Let's See How Long This Lasts...North Korea Shuts Yongbyon Down

I saw this on the New York Times and Washington Post websites.

David Sanger at the NY Times writes:

North Korea told the United States yesterday that it had shut down its nuclear reactor at Yongbyon and readmitted a permanent international inspection team, completing its first step toward reversing a four-year-long confrontation with the United States during which the North has made fuel for a small but potent arsenal of nuclear weapons.
Edward Cody of the Washington Post writes:
The closure, if confirmed by U.N. inspectors, would mark the first concrete step in a carefully orchestrated denuclearization schedule that was agreed on in February, with the ultimate goal of dismantling North Korea's nuclear weapons program in exchange for fuel and other economic aid, and increased diplomatic recognition.
It will be interesting to see if this holds.

It might as the general theory is the DPRK has been holding out, waiting for a change of the US executive branch.
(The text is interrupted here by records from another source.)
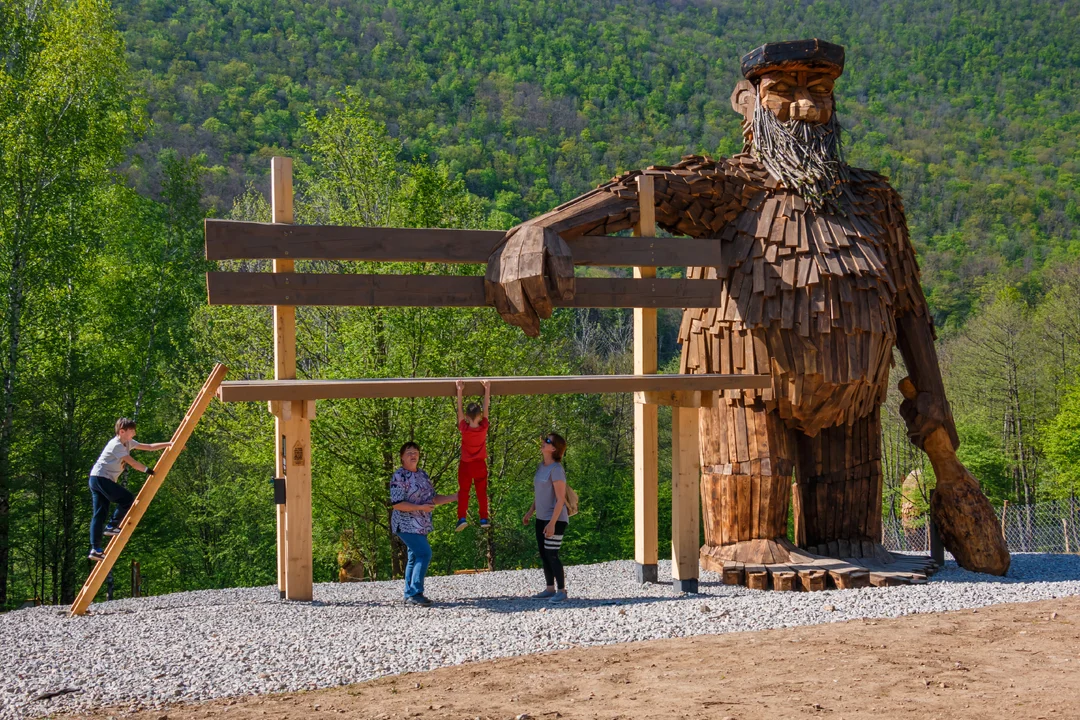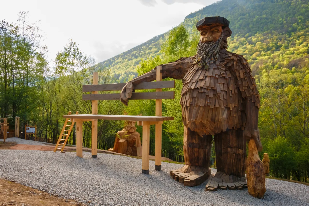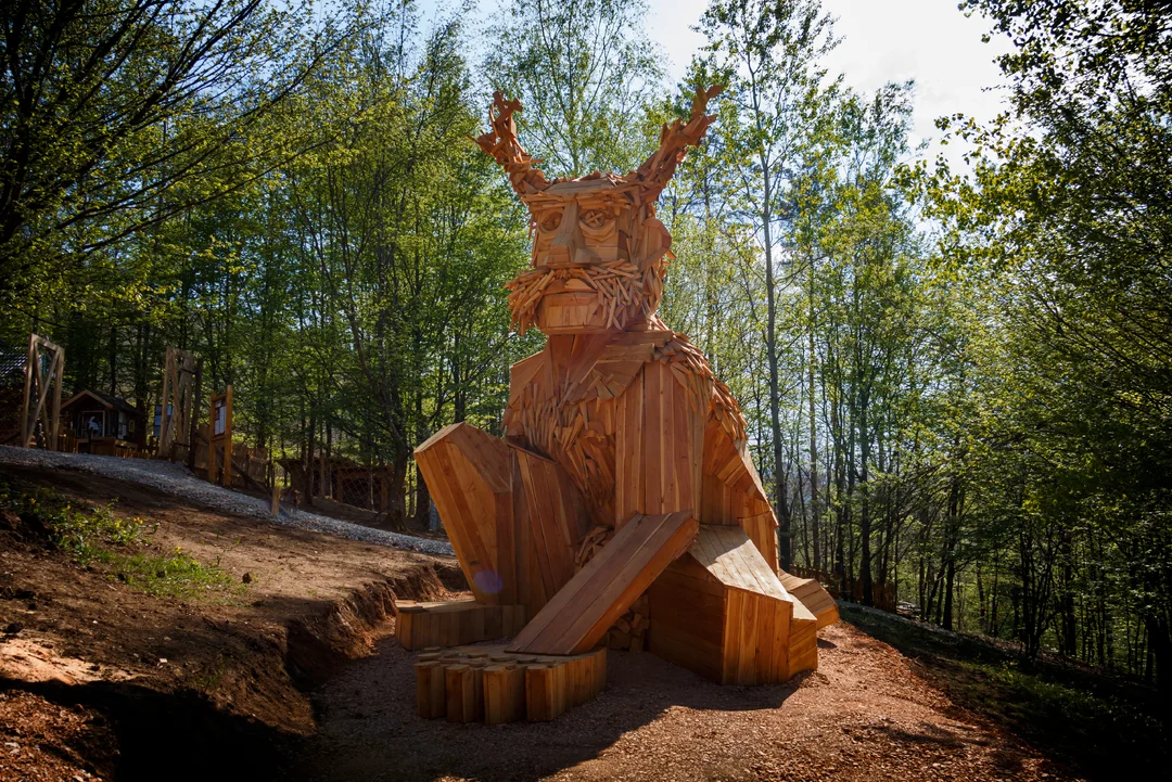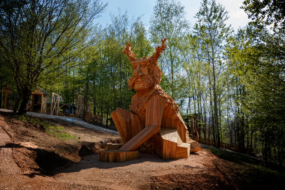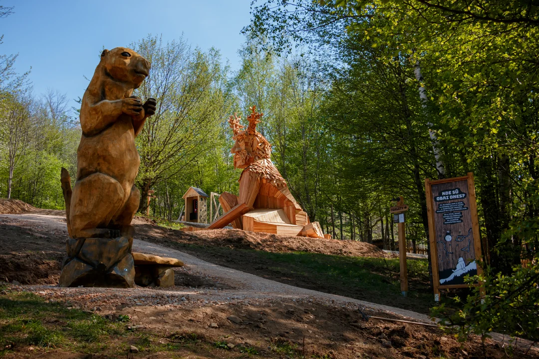 Obrovské sochy vo výške 7 až 9 metrov vyrobili majstri rezbári z Česka, niektoré vážia až 5 ton. Nájdete tu obrov menom Leši, Machoš, Bažur, obriu sovu Széchy a ďalších drevených sympaťákov. Inšpiráciou pre vznik parku bola najmä tajuplná slovanská mytológia a tiež vedecko-fantastická kniha miestneho rodáka Gustáva Reussa Hviezdoveda.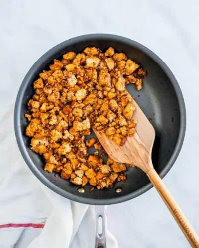 Precisa de um jantar sem carne… rápido? Aqui está um dos nossos atalhos favoritos: esses Crumbles de Tofu rápidos e fáceis! Eles são saborosos, carnudos e o substituto vegetal perfeito que você pode usar de inúmeras maneiras. Se você não é fã de tofu… você será depois de dar uma mordida! (Promessa.) Use-os como recheio de taco, como em Tacos de tofu , ou experimente-os em saladas, massas, refeições em tigela… até mesmo como um saboroso café da manhã! Não há nada que essas migalhas não possam fazer.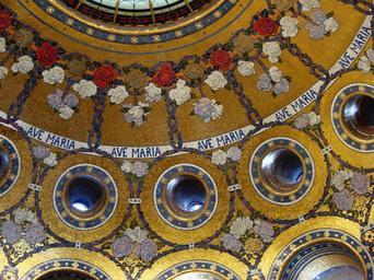 Keywords: Lourdes 16715.jpg La basilique de Notre-Dame du Rosaire la coupole du niveau inférieur détail Own 2007-07-24 Vassil Interior of the dome of Rosary Basilica Lourdes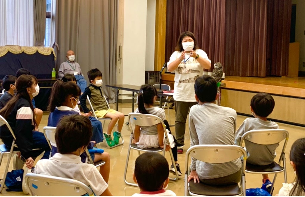 本物のフクロウと一緒にふくろう講座を公民館で開催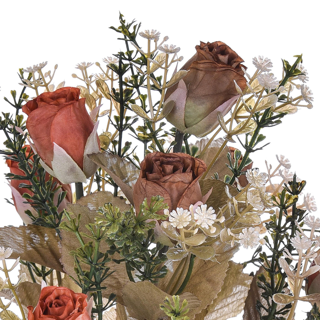 Set 4 Bouquets Artificiels avec 9 Boutons de Rose Romantiques Hauteur 40 cm Marron/Cerise/Bordeaux
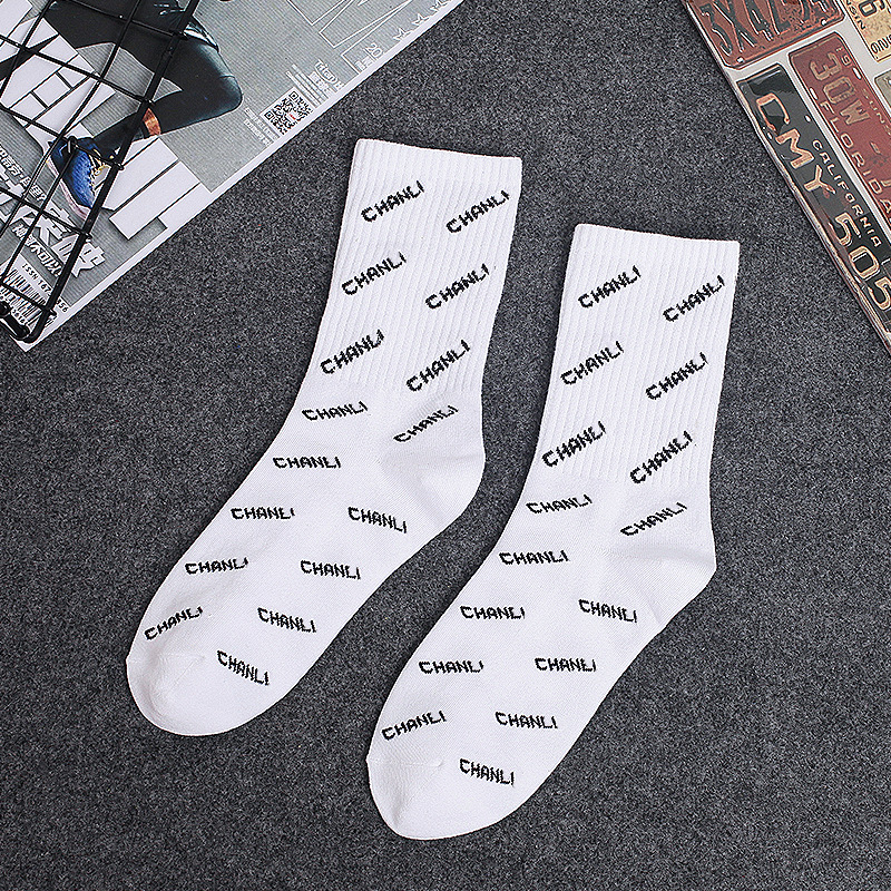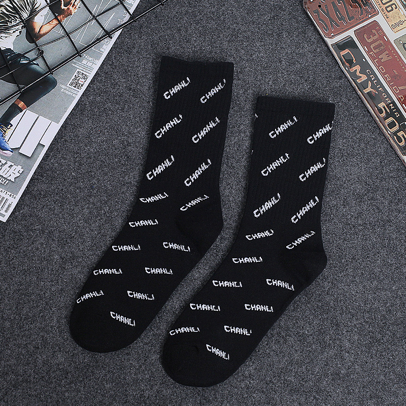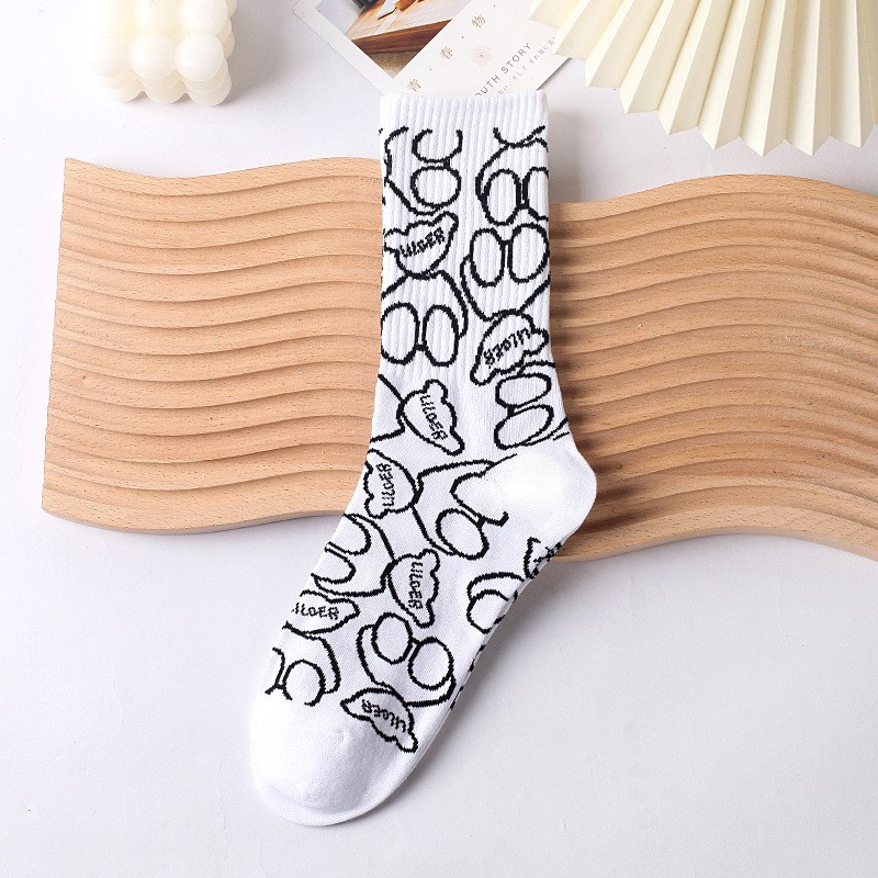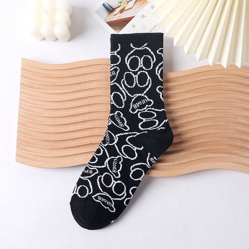• 3001-285 글자로 가득 찬 검은 색 긴 양말 B- A

That is, holding out until Bush is out of office. The reality is the North Koreans are experts on playing on the weaknesses of US diplomacy. Bush is out as the US has a two term limit.

The main criticism of the current agreement is it's essence the same as the 1994 US-North Korean Agreed Framework. However, if you look at the 1994 framework there is a critical flaw. There were no clear indicators of who'd do what and when.
The Agreed Framework states that North Korea must fully comply with IAEA safeguards when "a significant portion of the LWR project is completed, but before delivery of key nuclear components."
That's way too vague. Put a number on what a "significant portion" means! It's no wonder that there was a dispute.

The Democrats appear to have much more momentum than the Republicans this time around. As the Democrats have traditionally been more open to negotiation with the DPRK, maybe that gives the North Koreans cause to, at least, appear to cooperate. Plus, with the Bush administration softening its stance by offering incentives like unfreezing assets in Macau and the South Koreans also agreeing to send aid to continue to refuse would have looked very bad for the North.

We'll see how it plays out once the inspectors verify what's going on and then it will be an issue of whether it holds or not.